EXERCISE REQUIREMENTS:
Please take the records that follow and repeat exactly the lines starting with the line with "creature has his" and going on through the line with "jåt mm M ////".

EXTRACTED INFORMATION:
........
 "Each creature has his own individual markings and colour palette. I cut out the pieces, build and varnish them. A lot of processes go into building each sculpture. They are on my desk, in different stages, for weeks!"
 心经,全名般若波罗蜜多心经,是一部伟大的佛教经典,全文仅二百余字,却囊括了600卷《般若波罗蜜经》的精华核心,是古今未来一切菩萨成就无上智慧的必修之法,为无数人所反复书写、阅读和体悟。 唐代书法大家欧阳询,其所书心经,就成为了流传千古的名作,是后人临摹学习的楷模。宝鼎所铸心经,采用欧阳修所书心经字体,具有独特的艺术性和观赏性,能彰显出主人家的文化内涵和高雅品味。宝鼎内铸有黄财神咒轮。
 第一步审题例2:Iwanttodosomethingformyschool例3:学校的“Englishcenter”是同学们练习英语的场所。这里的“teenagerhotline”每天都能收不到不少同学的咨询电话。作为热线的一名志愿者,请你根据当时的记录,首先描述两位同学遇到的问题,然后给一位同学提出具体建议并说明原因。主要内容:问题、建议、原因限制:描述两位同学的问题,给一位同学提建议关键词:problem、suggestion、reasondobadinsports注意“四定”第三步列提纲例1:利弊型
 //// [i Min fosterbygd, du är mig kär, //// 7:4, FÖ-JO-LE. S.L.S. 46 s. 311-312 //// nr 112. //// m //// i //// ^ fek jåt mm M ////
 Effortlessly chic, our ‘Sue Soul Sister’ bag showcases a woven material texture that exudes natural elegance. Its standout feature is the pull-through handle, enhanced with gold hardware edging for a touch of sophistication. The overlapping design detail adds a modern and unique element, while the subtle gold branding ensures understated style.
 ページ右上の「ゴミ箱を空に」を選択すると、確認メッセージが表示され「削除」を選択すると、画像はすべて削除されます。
........
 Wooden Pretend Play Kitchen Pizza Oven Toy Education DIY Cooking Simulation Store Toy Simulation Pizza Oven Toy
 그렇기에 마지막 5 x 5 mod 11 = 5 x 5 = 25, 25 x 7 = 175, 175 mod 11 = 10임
........
OUTPUT OF THE EXERCISE:
 "Each creature has his own individual markings and colour palette. I cut out the pieces, build and varnish them. A lot of processes go into building each sculpture. They are on my desk, in different stages, for weeks!"
 心经,全名般若波罗蜜多心经,是一部伟大的佛教经典,全文仅二百余字,却囊括了600卷《般若波罗蜜经》的精华核心,是古今未来一切菩萨成就无上智慧的必修之法,为无数人所反复书写、阅读和体悟。 唐代书法大家欧阳询,其所书心经,就成为了流传千古的名作,是后人临摹学习的楷模。宝鼎所铸心经,采用欧阳修所书心经字体,具有独特的艺术性和观赏性,能彰显出主人家的文化内涵和高雅品味。宝鼎内铸有黄财神咒轮。
 第一步审题例2:Iwanttodosomethingformyschool例3:学校的“Englishcenter”是同学们练习英语的场所。这里的“teenagerhotline”每天都能收不到不少同学的咨询电话。作为热线的一名志愿者,请你根据当时的记录,首先描述两位同学遇到的问题,然后给一位同学提出具体建议并说明原因。主要内容:问题、建议、原因限制:描述两位同学的问题,给一位同学提建议关键词:problem、suggestion、reasondobadinsports注意“四定”第三步列提纲例1:利弊型
 //// [i Min fosterbygd, du är mig kär, //// 7:4, FÖ-JO-LE. S.L.S. 46 s. 311-312 //// nr 112. //// m //// i //// ^ fek jåt mm M ////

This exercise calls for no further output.